* TASK REQUIREMENTS
In the listing below, find the line with "Cover-shooter view. Character" and copy every line from there up to and including the line with "Время зажигания субботних", exactly and without pictures.

[[ INPUT MATERIAL, beginning ]]

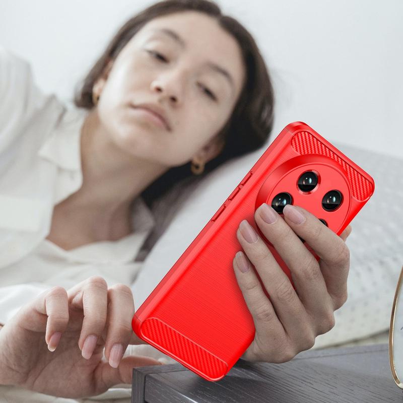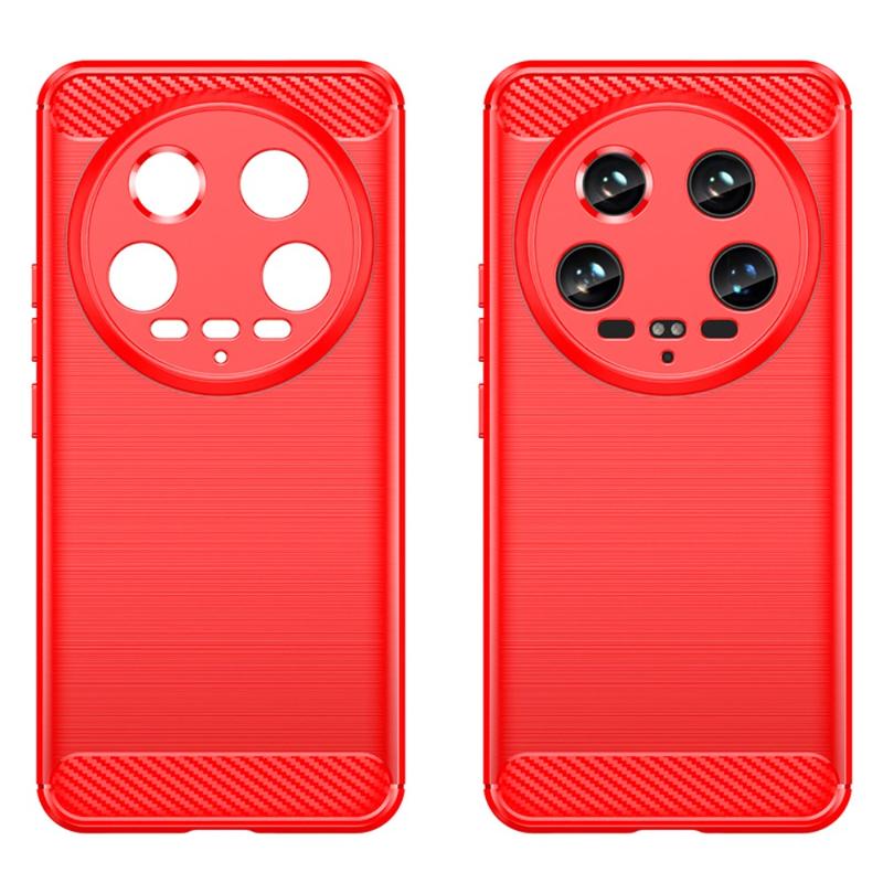 Coque Xiaomi 14 Ultra en TPU Brossé - Fibre de Carbone - Rouge
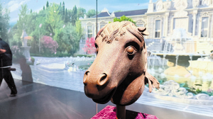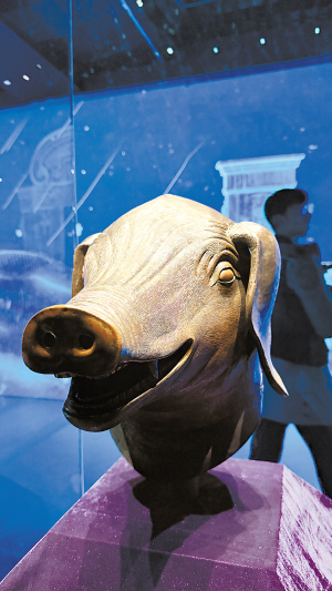 其中,核心单元“山河有声”聚焦圆明园十二生肖兽首铜像,成为全场焦点。在柔和的灯光下,牛首的厚重、虎首的威严、猴首的灵动、猪首的憨态……让观众得以近距离触摸百年风雨的印记。1860年10月,英法联军进攻北京,占据圆明园,疯狂劫掠园中大量奇珍异宝,并纵火焚烧了圆明园及其他皇家园林。在这场浩劫中,圆明园长春园西洋楼建筑群海晏堂外水力钟喷泉构件十二生肖兽首雕塑也遭到劫掠,漂泊海外长达百余年。自上世纪80年代起,流失海外的兽首铜像开始现身各大拍卖会,经过中国政府和民间的多方努力,通过回购、赠予等方式,至今已有7件兽首回归祖国。此次展览共展出7件兽首,牛首、虎首、猴首、猪首四尊兽首为珍贵文物原件,鼠首、兔首为复制件,马首为仿制件。
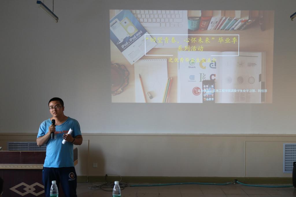 “同窗共话科技路 流年似水展未来”毕业生科技创新、就业创业经验分享会,活动现场邀请到了致力于科技创新、考研、保研、考上公务员的四位毕业生代表,通过几段视频回顾了学长学姐们的大学四年时光,重温了青春的故事,他们分别从科技创新、毕业升学、公务员考试、就业等方面介绍了自己的大学奋斗经历,分享了成功的经验,同时为在校学弟学妹未来的学习、职业生涯规划提出了意见和建议。
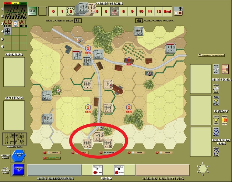 Lauerbach continued moving around the perimeter, taking Peasley’s fire and not having anything happen (except some British Air Support, which broke the guys in the south, though on the next German morale check, the German Hero Dietel emerged, rallying them immediately).
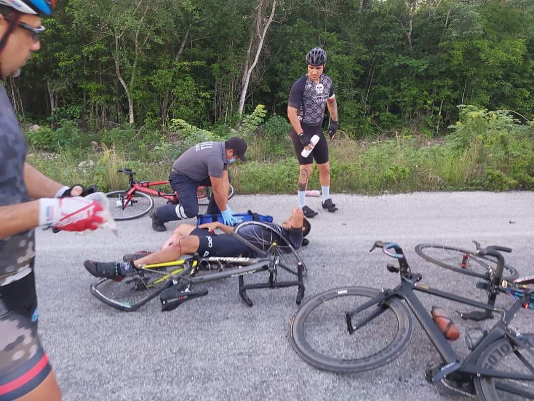Cancún, Q. Roo, Lunes 08 de Junio de 2020, poderycrítica.- Un conductor arrolló a un grupo de ciclistas que circulaban sobre la avenida Huayacán de Cancún.
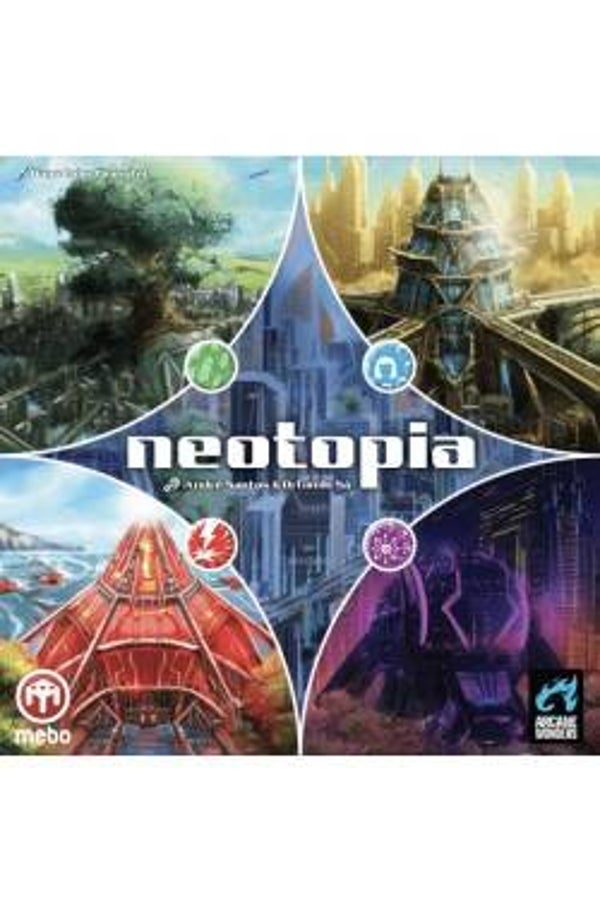 In Neotopia, a competitive fast paced tile placement pattern building game, you are part of a team of Visionaries who are building a futuristic pilot city focused on the fields of Energy, Technology, Community and Sustainable food.
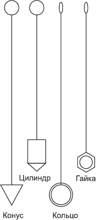 Маятник состоит из металлического груза весом 40–50 г и шелковой нити с петелькой длиной 250–300 мм. Более точная длина нити – длина окружности головы оператора. Материалом груза может быть и золотое кольцо (его вес, естественно меньше 40 г); но следует знать, что этот материал противопоказан Девам, Рыбам, Ракам и Весам. Можно также применять серебро, медь или латунь, а проще – железо. В качестве груза можно применять строительный отвес, а если его нет, то простую гайку.
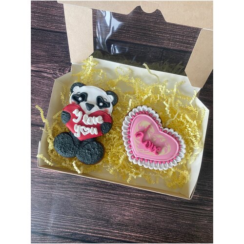 Подарочный набор имбирных пряников 2 шт. "Панда и сердце" на 14 февраля, день всех влюблённых, 8 марта от кондитерской Fёdor Kotoff
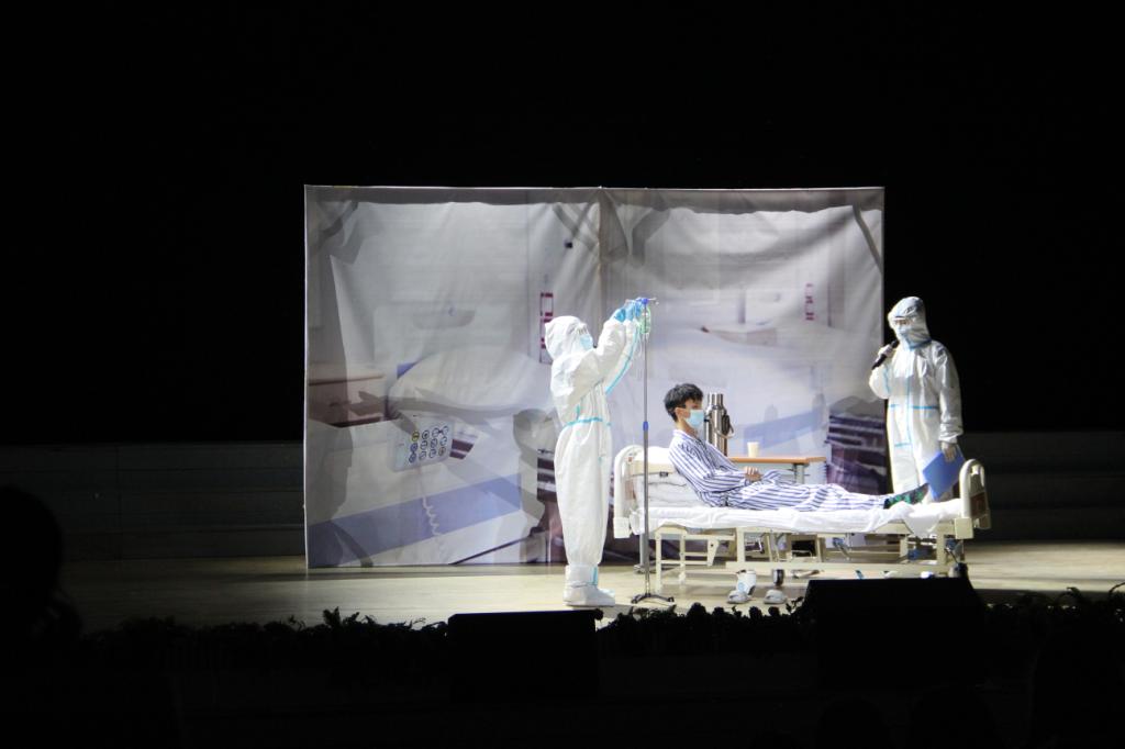 各学院参赛队伍经过一个多月的精心排练,为我们呈现了一幕幕感人至深的精彩故事。同学们入情入境,惟妙惟肖的表演,将故事情节及原型人物演绎得淋漓尽致,充分展现了在这场抗疫战斗中,医护人员以疫为令,护百姓健康、救治归国同胞,冲锋在前,创造了人类与疾病斗争史上的英勇壮举。现场观众也与演员们再次共同感受了那场惊心动魄的抗疫斗争,他们纷纷表示作为一名医学生,要继续发扬这种优秀意志品质及奉献精神,不断增强责任感、使命感,在党和国家需要的时候,挺身而出、勇往直前,彰显青春担当。经过激烈的角逐,最终卫生管理学院的《记疫》获得本次大赛金奖。
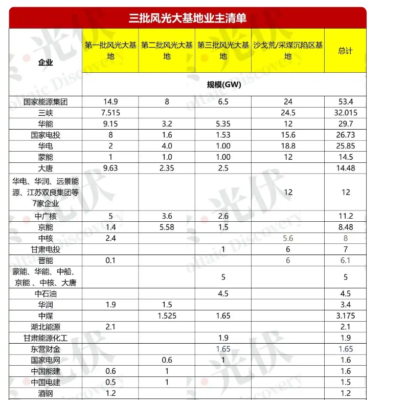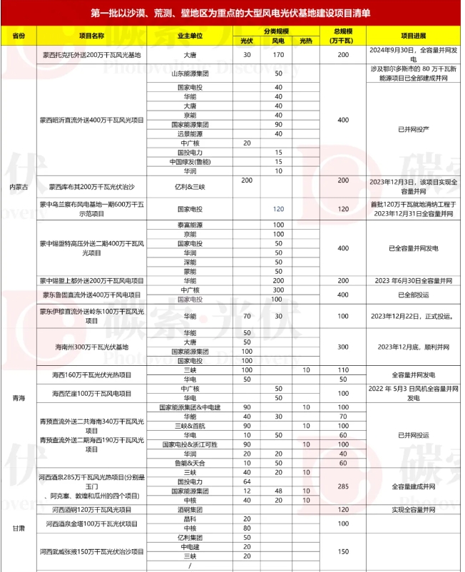 第一批:業(yè)主規(guī)模約97.05GW,項(xiàng)目已全部開工,絕大部分已并網(wǎng)。
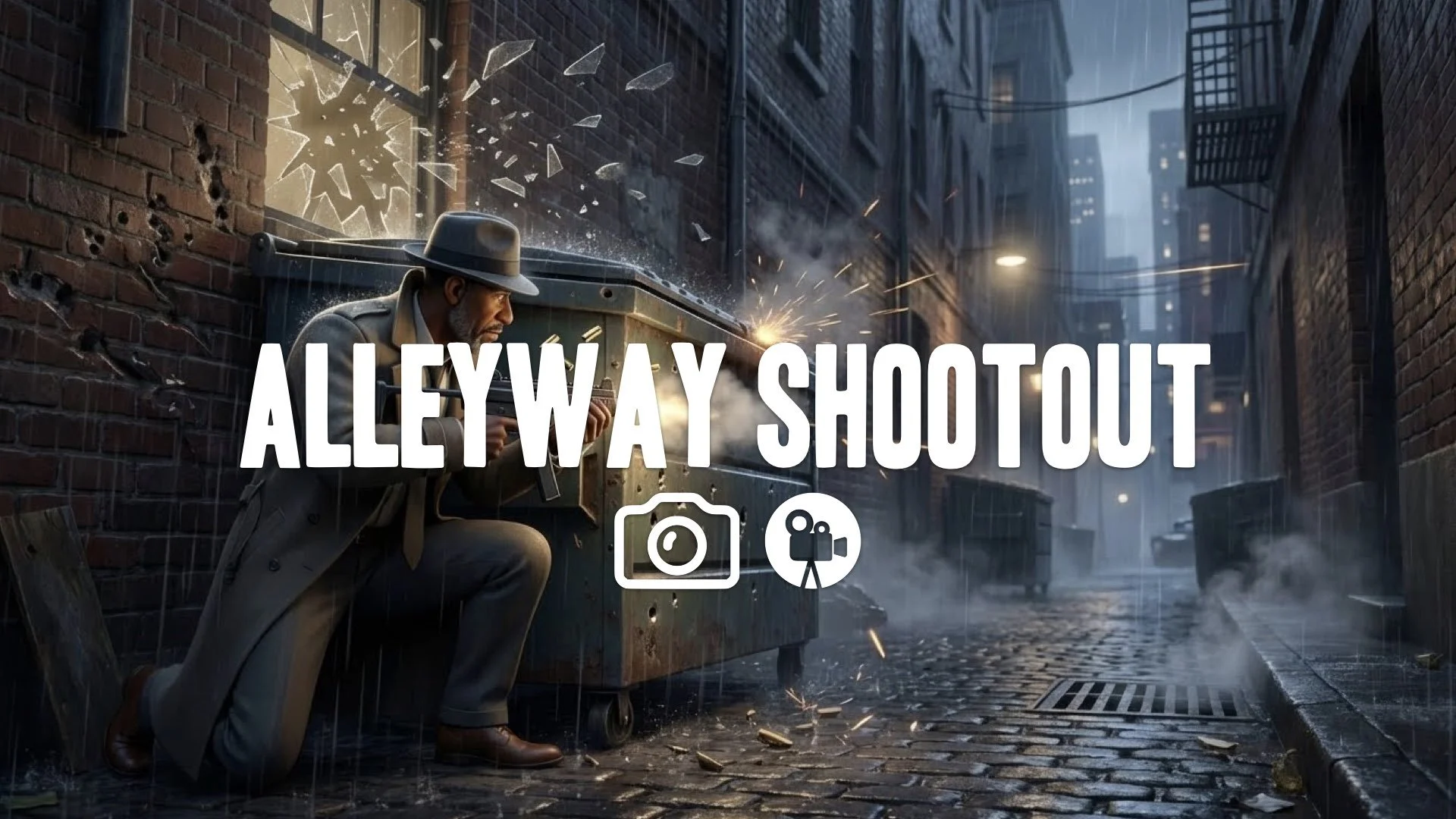 Cover-shooter view. Character crouched behind dumpster in alley, blind-firing SMG. Enemy bullets hit metal. Glass shatters. Keep the character and the original style. No music.
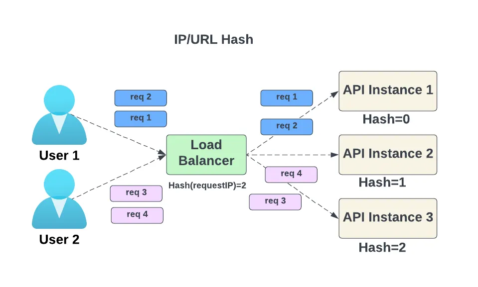 - 哈希 —— 该算法对传入请求的 IP 或 URL 应用哈希函数。请求被路由到的实例取决于哈希函数的结果。
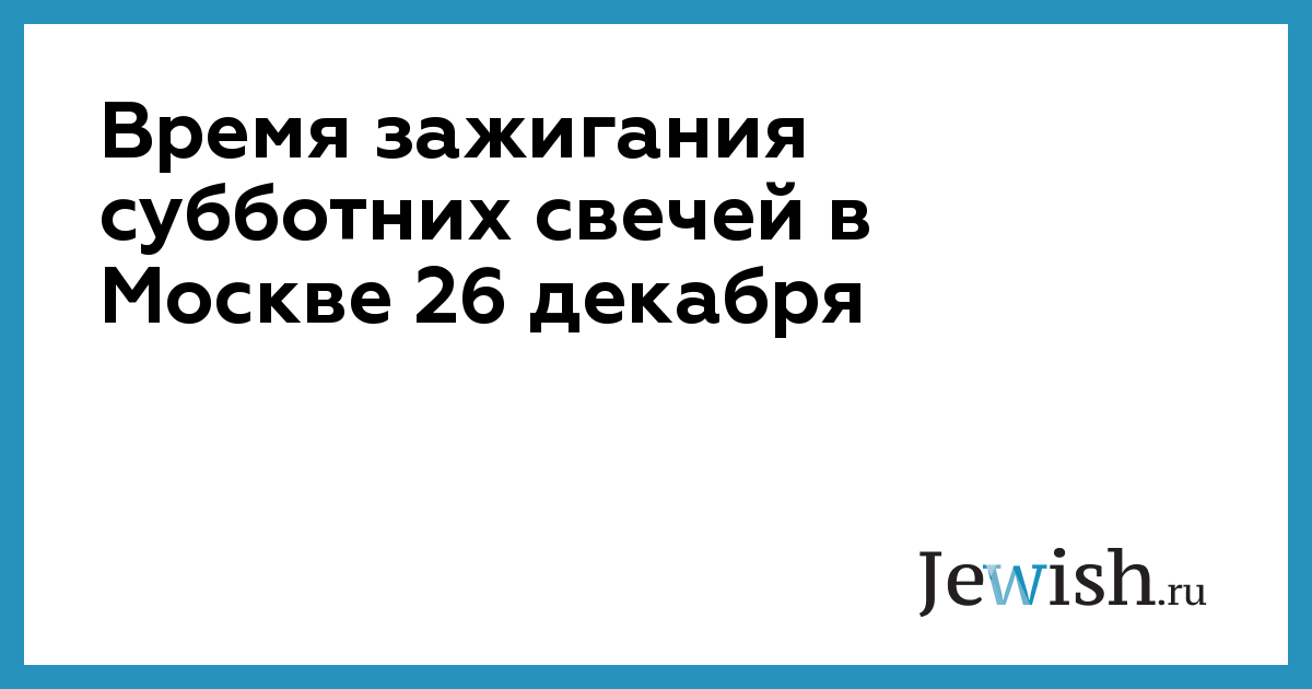 Время зажигания субботних свечей в Москве 26 декабря
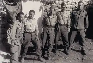 Ben M'hidi became a follower of Messali Hadj and was a member of Messali's Algerian People's Party (PPA) during World War II, rapidly obtaining significant responsibilities within the movement. Ben M'hidi was arrested the following day[8] after the Sétif uprising against the occupying French forces in May 1945.[9] The uprising was suppressed through what is now known as the Sétif massacre. He was arrested in Biskra and imprisoned in the Coudiat prison in Constantine for four months.[1][10] The massacres committed by the French army in Setif, Guelma and Kherrata had completely shocked him. On 15 March 1946, Ben M'Hidi was released from prison due to an amnesty being granted to the majority of nationalists imprisoned for the 1945 riots.[11] The PPA was disbanded following the 1945 Sétif riots, and was replaced in October 1946 by the Movement for the Triumph of Democratic Liberties (MTLD), also headed by Messali Hadj. In 1950, Ben M'hidi had been convicted in absentia and sentenced to 10 years in prison.[8] Ben M'hidi and eight other members of this movement soon grew impatient with Hadj, and decided to form the Revolutionary Committee of Unity and Action (CRUA), on 30 March 1954. During May and June 1954, they decided that Algeria would be split into five areas; Ben M'hidi was assigned Zone 5, Oran.[12] On 10 October, Larbi Ben M'hidi and five other members of the CRUA approved the transformation, thus giving birth to the National Liberation Front (FLN) and the National Liberation Army (ALN). At a meeting at the Climat de France, a house overlooking Bab El Oued, the FLN decided to launch an insurrection, which broke out in the early morning of 1 November 1954, and quickly escalated into the Algerian War. The outbreak soon became known as "Toussaint Rouge" (Red All Saints Day) as it coincided with the Catholic festival.[13] The rebellion was conducted internally by Ben M'hidi, Mourad Didouche, Rabah Bitat, Krim Belkacem, Mohammed Boudiaf, and Mostefa Ben Boulaïd, while three more members (Hocine Ait Ahmed, Ahmed Ben Bella, and Mohammed Khider) were operating externally in Cairo. They later became known as "The Men of November".
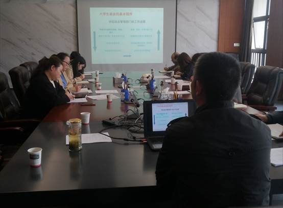 会上,招就处陈再华、蒙明洲老师为各系参会人员讲解了就业工作流程、毕业生生源审核、求职创业补贴申报、校园招聘会补贴申报的时间节点及工作要点,总结了往年此项工作中出现过的问题,要求参与工作人员总结过往经验,严格落实责任,做到用心、细心,确保就业系统上报数据真实准确,使国家扶贫政策落实到所有贫困家庭学生。
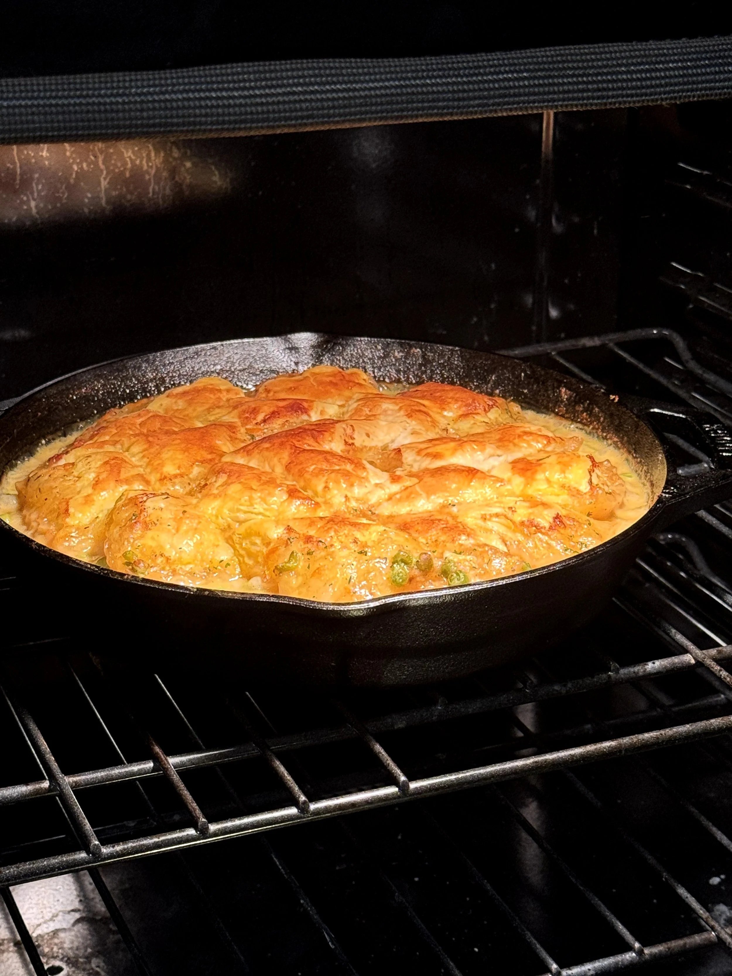 Step 7: Bake at 390 degrees for about 20 minutes until puff pastry is golden brown. Allow to rest for 5-10 minutes so the mixture can set up. Scoop and serve.

[[ INPUT MATERIAL, end ]]

* WRITTEN ANSWER
 Cover-shooter view. Character crouched behind dumpster in alley, blind-firing SMG. Enemy bullets hit metal. Glass shatters. Keep the character and the original style. No music.
 - 哈希 —— 该算法对传入请求的 IP 或 URL 应用哈希函数。请求被路由到的实例取决于哈希函数的结果。
 Время зажигания субботних свечей в Москве 26 декабря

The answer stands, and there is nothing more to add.